Continuing Rare Disease Treatment With A Compassionate Use Program (CUP)

By Davelyn Eaves Hood, head of medical & patient affairs, Rezolute, and Ana Paula Tediosi, head of expanded access program strategy, WEP Clinical

Small biotechnology companies are pivotal in advancing treatments for rare diseases, often spearheading the introduction of innovative, transformative therapies for conditions that previously had few or no effective treatments. These companies possess a unique agility, allowing them to concentrate on niche areas that larger pharmaceutical firms may avoid due to limited market incentives or overall R&D capacity.

However, with more innovation needed to achieve both regulatory approvals and payer recommendations, drugs have to be developed for conditions with huge unmet clinical need and often very little established data on the actual indication or disease area. Therefore, R&D investment in rare disease areas is considerably higher than in more common indications.¹ This financial pressure drives smaller companies to adhere to established development pathways to help control expenses.² The trade-off often results in prolonged development timelines, delaying access to promising therapies for patients with significant unmet needs.

With regulatory agencies increasingly open to real-world evidence, we explored the benefits and challenges of harnessing a compassionate use program (CUP) to further embrace our patient-centric approach to drug development.

In part one of this series, we detail our unique circumstance in pursuing ersodetug, an investigational drug for treating congenital hyperinsulinism (cHI), and how it led to the pursuit of a compassionate use program. We also detail some of the challenges, in general, for enrolling rare disease patients in a clinical trial. Then in part two, we’ll discuss the benefits of a CUP and strategies for implementing one.

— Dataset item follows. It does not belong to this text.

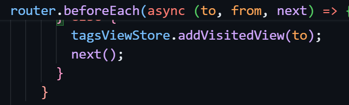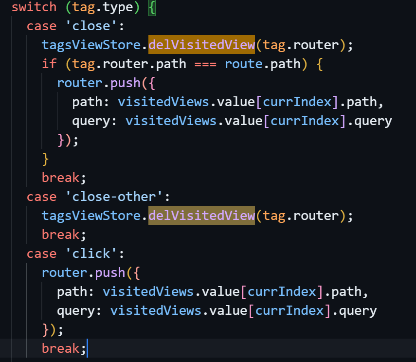 function addVisitedView(view: TagView) {// 没有标题无法正常显示if (!view.meta || !view.meta.title) return;// 已经有重复路由了if (visitedViews.value.some(v => v.path === view.path)) {replaceVisitedViewQuery(view);return;}visitedViews.value.push(view)

Exploring “Compassionate Use” With Rare Disease Patients

Rezolute is a late-stage rare disease company focused on significantly improving outcomes for individuals with hypoglycemia caused by multiple forms of hyperinsulinism (HI). In 2021, as the world began emerging from the global pandemic shutdown, Rezolute was actively recruiting participants for its global Phase 2b study, RZ358-606 (RIZE). The RIZE study aimed to evaluate the safety, pharmacokinetic, pharmacodynamic, and efficacy profiles of RZ358 (ersodetug), an investigational drug for treating congenital hyperinsulinism (cHI). Ersodetug is a novel, fully human monoclonal antibody that allosterically binds to the insulin receptor, reducing insulin's binding affinity and signaling in target tissues.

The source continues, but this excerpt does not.